Highlights: - UK House of Commons rejected a motion on a no-deal Brexit - Parliament has to vote today on extension of the Brexit deadline - Duration of extension may not be beyond two months - EU response to extension and alternative critical - Investors and exporters advised to hedge sterling exposure -------------------------------------------------
As the original deadline (March 29) for Brexit draws to a close, UK finds itself at a crossroad. After the defeat of Theresa May’s revised Brexit deal proposal, UK is inching towards a set of alternative scenario. As of now, it is trying to rule out the option, which is perceived as the worst: a no-deal Brexit.
No-deal Brexit On March 13, UK House of Commons rejected a no-deal Brexit motion under any circumstances. Interestingly, this doesn’t completely rule out a no-deal Brexit as it is not legally binding.
Read: Increased Brexit uncertainty keeps UK asset classes edgy
What next? Now, Parliament has to vote on Article 50, i.e. whether to extend the current March 29 deadline. Voting is scheduled on March 14. If the Parliament votes positively, then May’s government would have to place a formal request to the European Union for an extension of Article 50.
If we go by the financial market reaction, this seems to be the likely expectation. The pound-dollar has an appreciation bias. However, how does EU (European Union) respond to it and options thereof remains a key uncertainty.
Duration of extension EU’s formal reaction to the current situation would be available during the next European council (March 21-22) meet. Both parties may not like UK to participate in European parliament election on May end as the Brexit process is on. Hence, little short of two month extension is what one could be anticipating.
EU’s stand Key determinant to present situation is EU’s flexibility. So far, the best amendment they had to offer was the legal assurances on the controversial Irish backstop.

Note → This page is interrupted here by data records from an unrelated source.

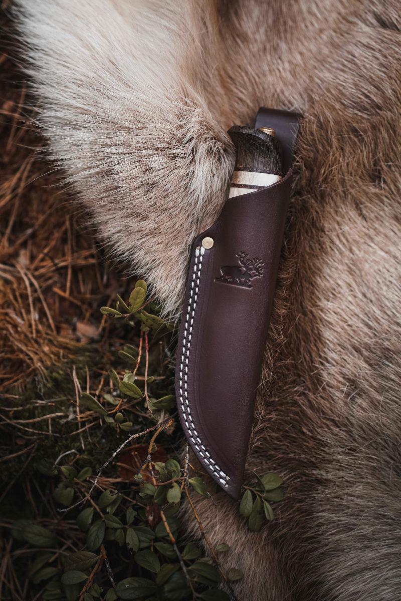The knife features a scandi grind, 9 cm highly polished blade in our laminate H3LS steel. The composite handle has an ample belly built by equal parts leather and reindeer antler inlets, framed by a front and back piece in dark oak. The shape is that of a classic, Norwegian outdoor knife, ideally suited to most things you need a knife for when venturing out either for your Sunday trip or longer adventures.
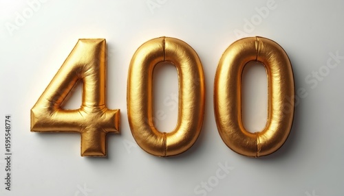 Golden number 400 balloons float on white background. Metallic, shiny digits symbolize achievement, celebration, success. Use luxury graphic for anniversaries, milestones, counting success in
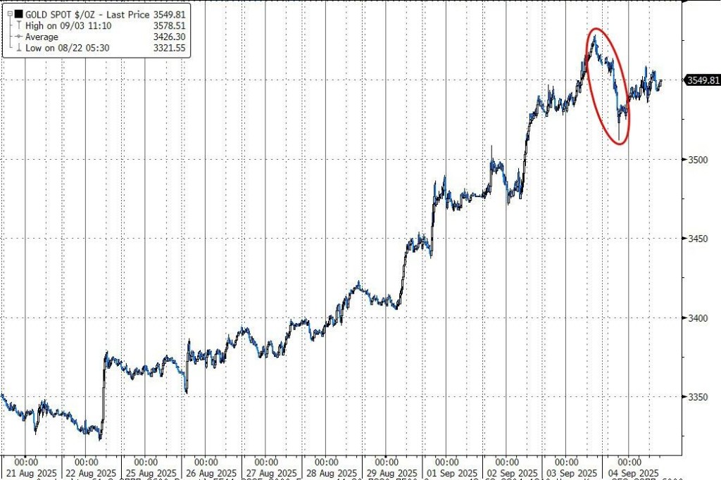 紐約尾盤,現貨黃金跌 0.40%,報 3545.26 美元/盎司,日內交投區間為 3564.32-3511.62 美元。
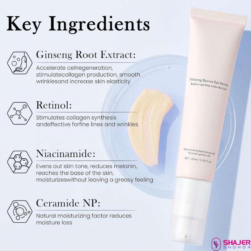 The loss of protein, which provides elasticity to our skin's dermal layer, leads to a decrease in collagen and hyaluronic acid, resulting in wrinkles. We developed an eye serum designed to mitigate these wrinkles, combining ginseng extract and retinal.Expiration Date:

Here it is important to point out that EU's chief Brexit negotiator Michel Barnier has called out that “The EU has done everything it can to help get the Withdrawal Agreement over the line” and its 'no-deal' preparations were now “more important than ever before". This highlights heightened uncertainty in the coming days.

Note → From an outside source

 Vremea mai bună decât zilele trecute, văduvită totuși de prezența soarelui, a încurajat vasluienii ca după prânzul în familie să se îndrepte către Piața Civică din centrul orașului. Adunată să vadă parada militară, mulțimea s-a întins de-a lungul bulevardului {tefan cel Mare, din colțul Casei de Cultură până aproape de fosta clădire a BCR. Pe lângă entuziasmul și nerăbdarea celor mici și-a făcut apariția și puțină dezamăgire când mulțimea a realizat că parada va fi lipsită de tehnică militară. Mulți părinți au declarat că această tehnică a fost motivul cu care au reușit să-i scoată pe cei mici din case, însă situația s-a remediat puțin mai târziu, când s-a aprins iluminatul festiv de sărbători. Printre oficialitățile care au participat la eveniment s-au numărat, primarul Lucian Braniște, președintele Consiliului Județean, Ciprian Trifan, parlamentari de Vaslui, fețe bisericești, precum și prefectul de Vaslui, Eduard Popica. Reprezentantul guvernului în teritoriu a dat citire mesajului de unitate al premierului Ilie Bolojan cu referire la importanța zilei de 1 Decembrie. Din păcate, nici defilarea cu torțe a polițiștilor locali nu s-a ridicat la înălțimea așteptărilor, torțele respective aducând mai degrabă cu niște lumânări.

What if a no-deal Brexit still happens? If the political logjam persists – both intra UK and between UK and the EU, a no-deal Brexit is still a possibility. If it happens, it means a disorderly exit.
UK and EU would not have a stipulated 21-month transition period to iron out their mutual trade deals. Instead, UK would have to negotiate with EU under the aegis of World Trade Organisation (WTO), as it would anyways do it with other countries. In the short term, this means a high disruption to business transaction across the border and lengthy custom checks after the deadline. And this can possibly take a toll on economic growth in the near term.
Votaries of a no-deal Brexit pitch that a clean break from EU would help in working out a more rationale deal with EU later on. However, this scenario doesn’t calm any concern on how the border between Northern Ireland and Ireland would be managed.
Takeaways We think political uncertainty in the UK is not expected to die down soon and uncertainty to remain for business investment and trade in the medium term. For Indian investors and exporters, we continue to advise keeping their pound exposure hedged.